As you can see, duplicate where conditions have no real negative impact on the performance of the query.

Bonus info: we can add some indexes to make the queries above even faster. If you look at the query plan, you can see that all tables are first accessed through an index and then filtered. We can combine both actions into one by creating indexes on both columns.
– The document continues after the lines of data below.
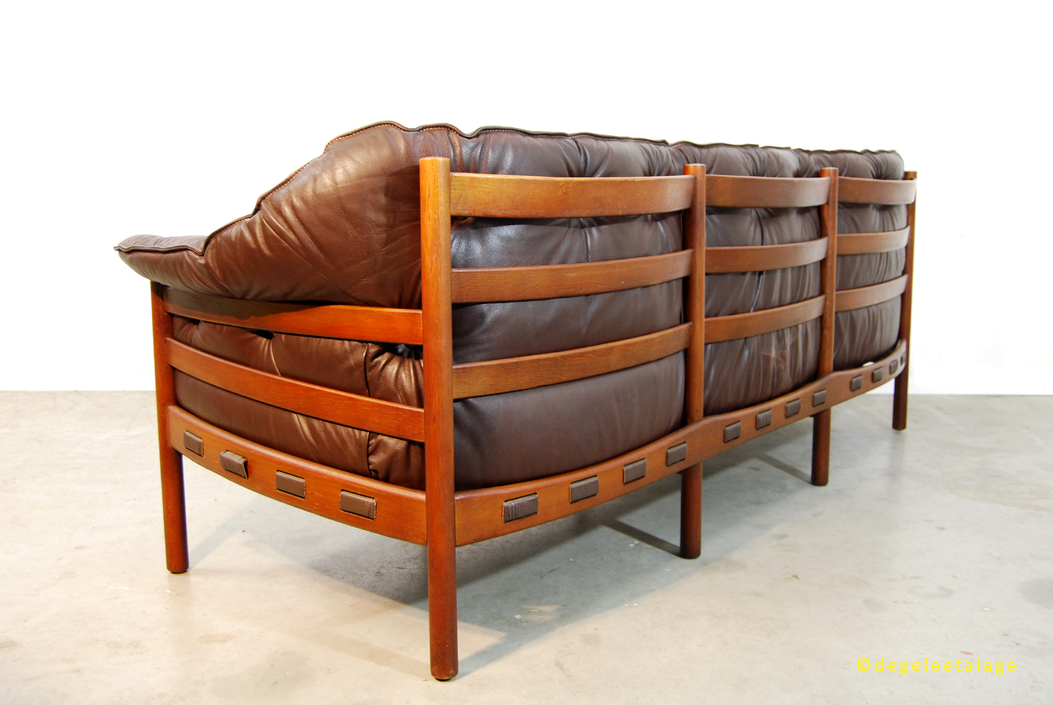Elegant en tegelijk stoere teakhouten design bank met bruin leren bekleding en 3 losse kussentjes. De safari bank heeft mooie gebogen arm- en rugleuning en staat op 8 poten. Het ontwerp van sofa type 925 is van Arne Norell (Zweedse designer 1917-1971) voor Coja Culemborg Nederland, 1960s.
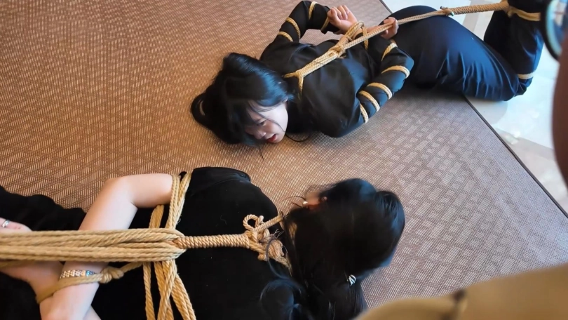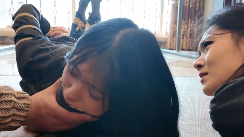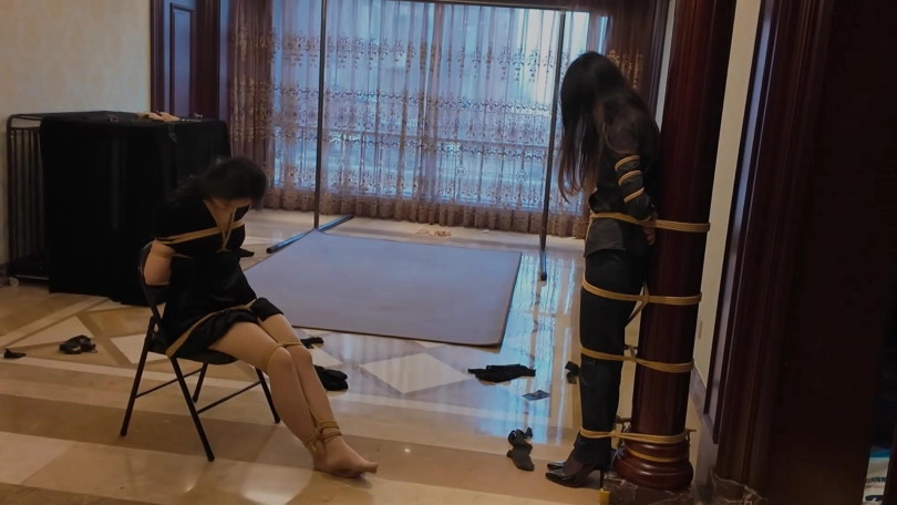 很久后,在一个密室里,保镖被绑在柱子上,富家女被绑在椅子上。她们二人的头依然被丝袜套着,捆绑囚禁。绑匪告诉她们不会有人来救她们,因为追踪器的信号早被屏蔽了。
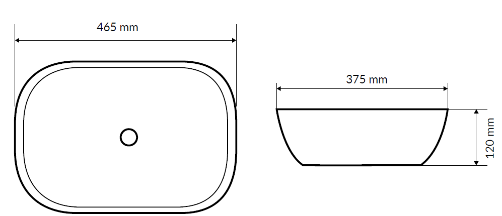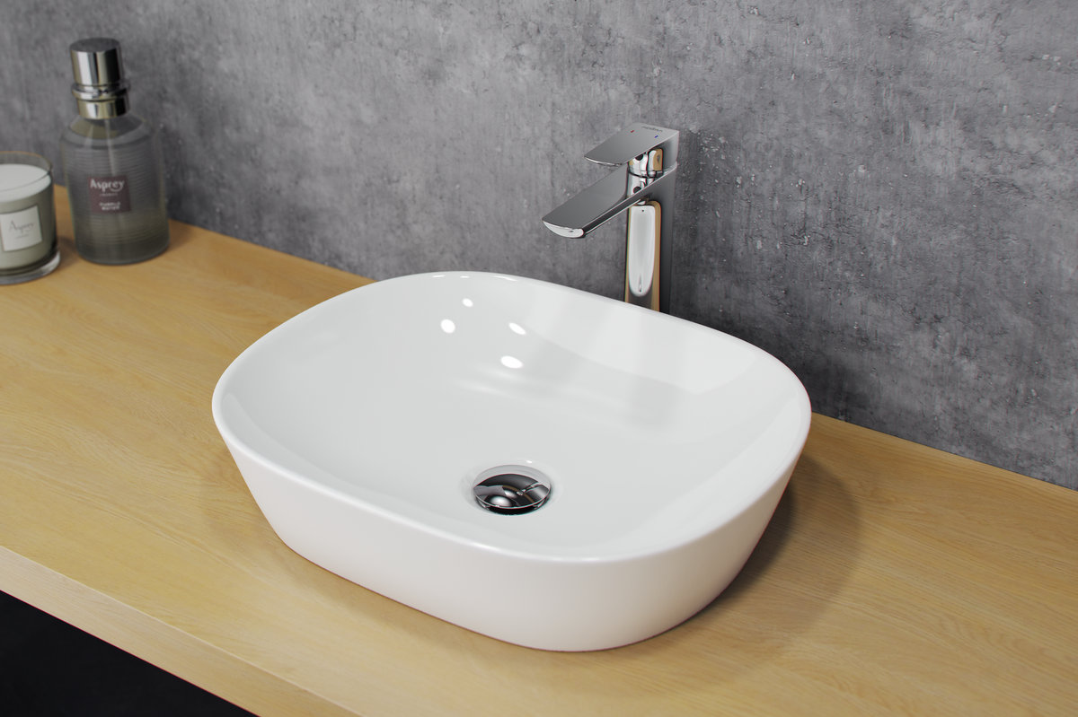 Umywalka bez przelewu i otworu na baterie, do postawienia na blat,

This is what you need to add:

mx=# create index t1_n1_n2_idx on t1(n1,n2);
mx=# create index t2_n1_n2_idx on t2(n1,n2);
mx=# create index t3_n1_n2_idx on t3(n1,n2);

Now that last query looks like this:

mx=# explain analyze select * from t1,t2,t3 where t1.n1 = t2.n1 and t1.n2 = t2.n2 and t2.n1 =t3.n1 and t2.n2 = t3.n2 and t3.n1 = 10 and t1.n2 = 10 and t1.n1 = t2.n1 and t1.n2 = t2.n2 and t2.n1 =t3.n1 and t2.n2 = t3.n2 and t3.n1 = 10 and t1.n2 = 10 and t3.n1 in (10,10,10) and t1.n2 = 10 and t1.n2 = 10 and t1.n2 = 10 and (t1.n2 = 10 or t1.n2 = 10) and t2.n2 = t3.n2 and t1.n1 = t3.n1;
                                                          QUERY PLAN
------------------------------------------------------------------------------------------------------------------------------
 Nested Loop  (cost=0.00..25.16 rows=1 width=270) (actual time=0.054..0.077 rows=1 loops=1)
   ->  Nested Loop  (cost=0.00..16.77 rows=1 width=180) (actual time=0.038..0.051 rows=1 loops=1)
         ->  Index Scan using t1_n1_n2_idx on t1  (cost=0.00..8.38 rows=1 width=90) (actual time=0.017..0.019 rows=1 loops=1)
               Index Cond: ((n1 = 10) AND (n2 = 10))
         ->  Index Scan using t2_n1_n2_idx on t2  (cost=0.00..8.38 rows=1 width=90) (actual time=0.010..0.013 rows=1 loops=1)
               Index Cond: ((n1 = 10) AND (n2 = 10))
   ->  Index Scan using t3_n1_n2_idx on t3  (cost=0.00..8.38 rows=1 width=90) (actual time=0.007..0.010 rows=1 loops=1)
         Index Cond: ((n1 = 10) AND (n2 = 10))
 Total runtime: 0.129 ms
(9 rows)

Total cost of the query went down from 34 to 25. That's about a 25% performance improvement.